Gesturing to Barré-Sinoussi and other HIV experts on the panel, Fauci added, “I don’t think that anybody on this table can tell you that we will have a cure for HIV. But what you’re witnessing on this stage is a commitment to attempting this challenge.”

The efforts going into finding a cure for HIV, despite the immense challenges, do not go unnoticed by the people to whom it matters most.

“You don’t get thanked enough for this long slog you’re going through,” Steinkohl told researchers gathered in Seattle.

‘We absolutely want to hear your ideas’

Other immunotherapy approaches discussed at the Durban conference included the use of checkpoint inhibitors, which block a mechanism that cancer cells use to shut down the immune system. Drugs developed to “unblock” these inhibitors have now been licensed for use against advanced melanoma. Several observational trials are underway of patients with both HIV and melanoma who are receiving such drugs, according to the University of Melbourne’s Dr. Sharon Lewin, who co-chaired the Durban cure symposiumwith Barré-Sinoussi.

Dr. Chris Peterson presents his research at AIDS two thousand sixteen conference in Durban, South Africa. A photo of “Berlin patient” Timothy Ray Brown is projected on the screen behind him.

Photo by Robert Rubber hood / Fred Hutch News Service

Also in Durban and again in Seattle, Fred Hutch’s Dr. Chris Peterson, a staff scientist in Kiem’s lab, reported on successful efforts in preclinical models to modify blood stem cells using a gene- editing technology that employs molecules called zinc-finger nucleases and comeback the resistant stem cells to repopulate the immune system. His work is part of an effort to use Brown’s cure as a blueprint for developing a less-toxic therapy by seeking to genetically engineer resistance in an infected person’s own immune cells.

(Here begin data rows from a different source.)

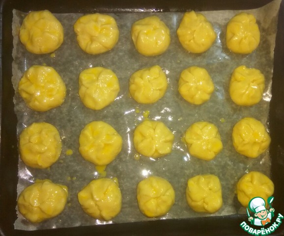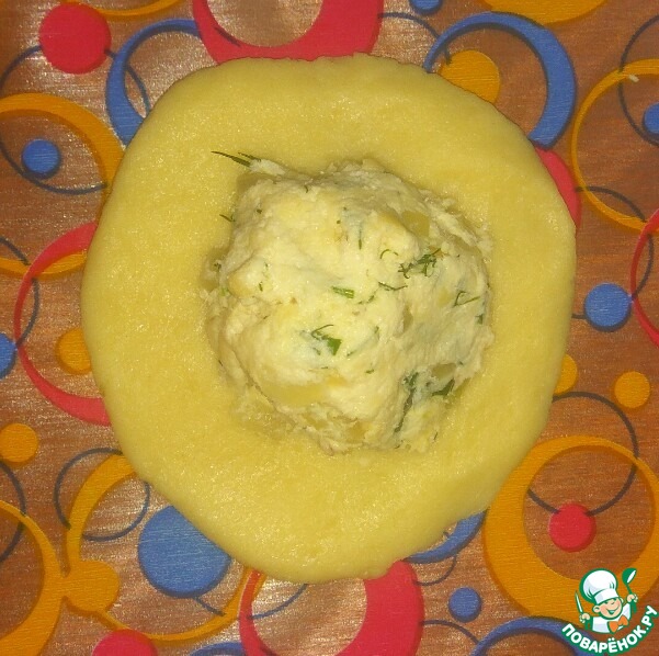 Каждый шарик раскатываем, в центр выкладываем начинку. Формируем пирожки.
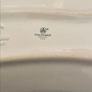 EUC Pfaltzgraff Christmas serving plate approximately 10” long by 5 1/2” wide. White with green trim. Teddy bear, candy cane, bow design and red and green holly design. No chips or cracks. Slight marks on back that will not be noticeable when using. Made in the USA 🇺🇸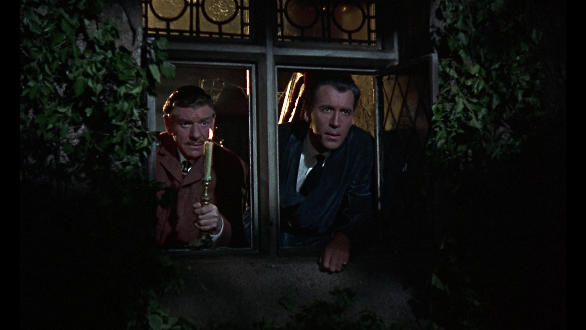 This second feature film version of the most famous Sherlock Holmes mystery came as something of a shock after the iconic Basil Rathbone and Nigel Bruce adventures beloved both before and after World War II. Here the sleuth was revived courtesy of Hammer Film Productions at the start of its run of horror masterpieces, helmed by the brilliant Terence Fisher just after the one-two punch of Horror of Dracula and The Revenge of Frankenstein (and shot the same year he made The Mummy, The Stranglers of Bombay, and The Man Who Could Cheat Death). That's an incredible streak by any standard, and his take on the famous puzzle about murder and mayhem on the moors fits solidly with the colorful, brash aesthetic he was developing with his more overt monster yarns at the time. In fact, this film significantly lays out the groundwork for the visual and narrative experiments he would try with two more masterpieces right after it, Brides of Dracula and particularly The Curse of the Werewolf, which explicitly picks up on motifs and story structure found here.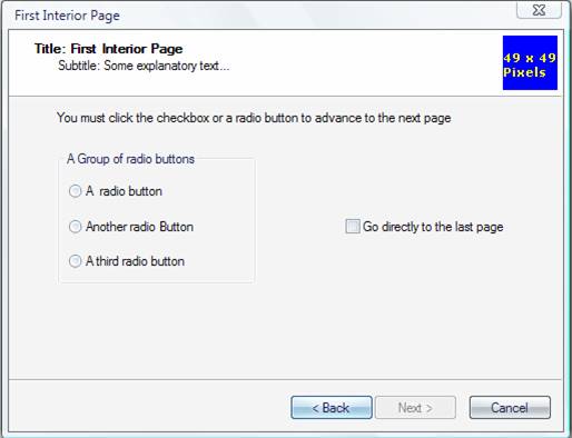 LTEXT "You must click the checkbox or a radio button to advance to the next page",
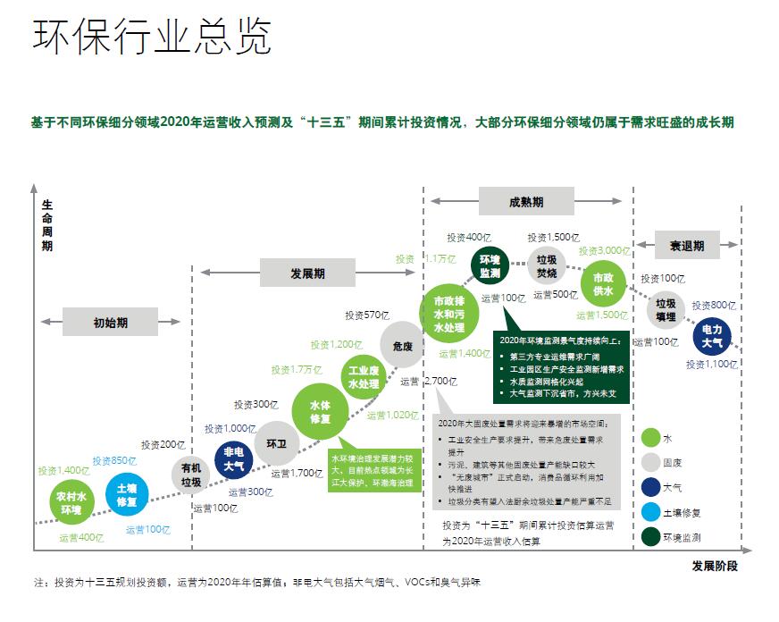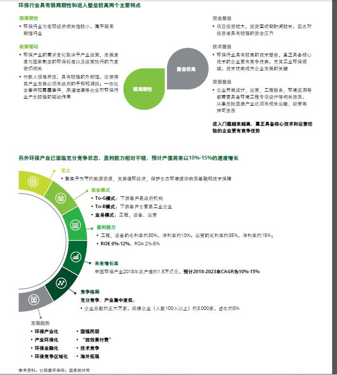 基于不同环保细分领域2020年运营收入预测及“十三五”期间累计投资情况,大部分环保细分领域仍属于需求旺盛的成长期。环保行业具有弱周期性和进入壁垒较高两个主要特点,此外环保产业已面临充分竞争状态,盈利能力相对不错,预计产值将来以10%-15%的速度增长。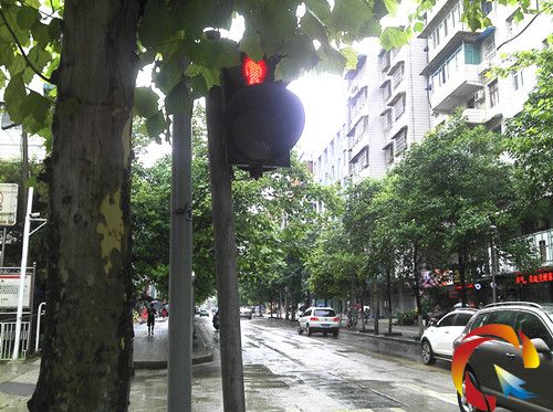 昨日下午,記者在金井加油站十字路口,見到了這個“鬧脾氣”把頭扭到一旁的人行道紅綠燈。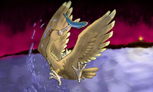 - G Es fliegt steil empor und stürzt sich anschließend herab, um seine Beute zu erlegen.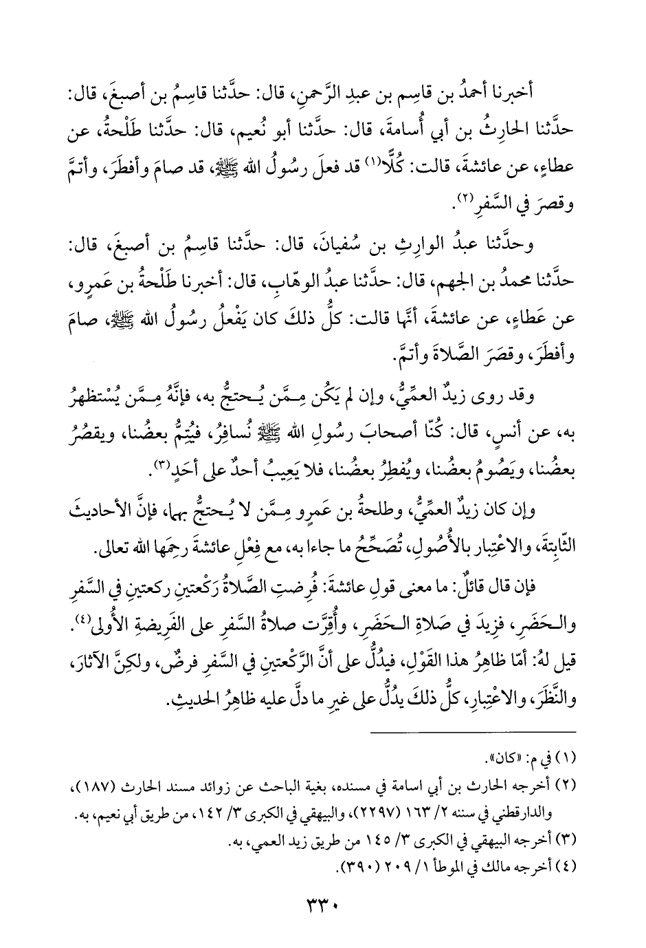 أخبرنا أحمدُ بن قاسِم بن عبدِ الرَّحمنِ، قال: حَدَّثَنَا قاسِمُ بن أصبغَ، قال: حَدَّثَنَا الحارِثُ بن أبي أُسامةَ، قال: حَدَّثَنَا أبو نُعيم، قال: حَدَّثَنَا طَلْحةُ، عن عطاءٍ، عن عائشةَ، قالت: كُلًّا (¬١) قد فعلَ رسُولُ الله - صَلَّى اللهُ عَلَيْهِ وَسَلَّمَ -، قد صامَ وأفطَرَ، وأتمَّ وقصرَ في السَّفرِ (¬٢).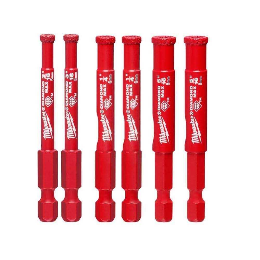 This set includes two 3/16 in., two 1/4 in., and two 5/16 in. diamond hole saws. Diamond MAX Hole Saws deliver best-in-class performance, with higher grade diamonds for maximum heat and fracture resistance. An improved continuous brazed edge provides clean, superior joint strength, and better diamond retention when cutting hard, abrasive materials. These diamond hole saws are designed as a single cutting solution for users cutting tile, stone, and glass. Diamond MAX offers the lowest cost-per-hole on the market.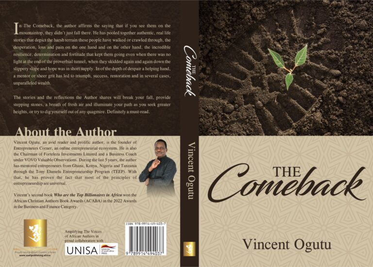 In The Comeback, the author affirms the saying that if you see them on the mountaintop, they didn’t just fall there. He has pooled together authentic, real life stories that depict the harsh terrain these people have walked or crawled through, the desperation, loss and pain on the one hand and on the other hand, the incredible resilience, determination and fortitude that kept them going even when there was no light at the end of the proverbial tunnel, when they skidded again and again down the slippery slope and hope was in short supply. In the depth of despair a helping hand, a mentor or sheer grit has led to triumph, success, restoration and in several cases, unparalleled wealth.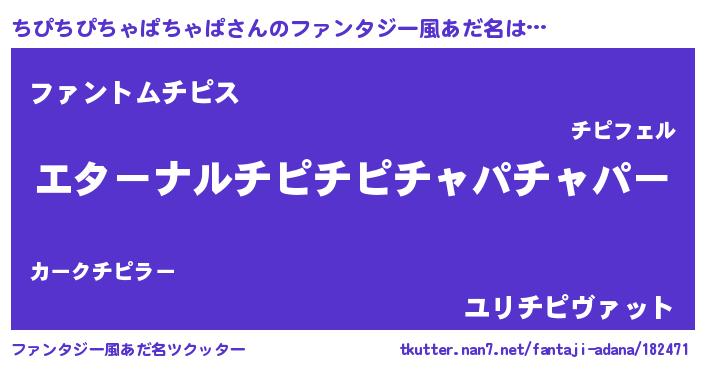 | ポケモン風あだ名 | 『チピチダネ』『ヒチピチピチャパチャパ』 |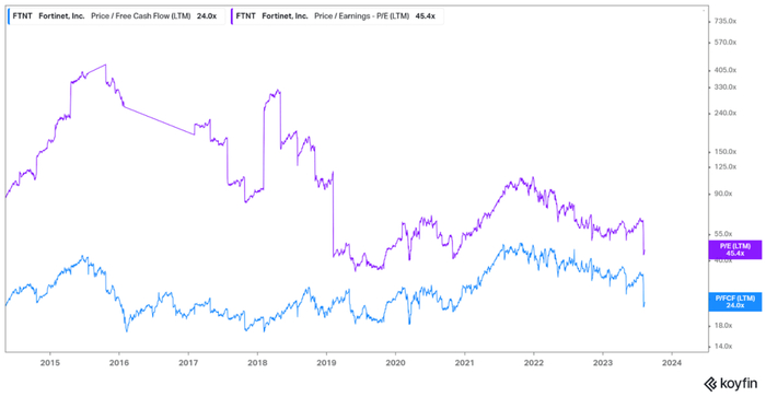 这种情况导致Fortinet的历史市盈率在使用市盈率时经常出现高得离谱的估值。然而,当我们考虑自由现金流倍数时,我们发现估值确实显得更加合理。在进行估值时必须仔细考虑这些细微差别,因为它们可能会严重扭曲现实并导致错误的决策。因此,我们将使用自由现金流作为衡量标准,而不是净利润。

“We’re attempting to make the case of Timothy Ray Brown more applicable to more people,” Peterson said.

That’s what Dr. Rowena Johnston, vice president of amfAR, the Foundation for AIDS Research, wished to hear. She told conference attendees that her group plans to spend $100 million over the next five years to develop a scientific basis for an HIV cure.

AmfAR, co-founded by actor and AIDS activist Elizabeth Taylor and one of the very first non-government funders of HIV research, was the very first to appreciate the importance of a scientific poster introduced at a two thousand eight conference to little notice by other researchers, scientific journals or the popular press. It was the very first public report of Brown, then known only as “the Berlin patient.”

“My aim is to go back to amfAR with at least five solid ideas that we want to work on,” Johnston told the auditorium total of scientists, postdocs and graduate students. “We absolutely want to hear your ideas.”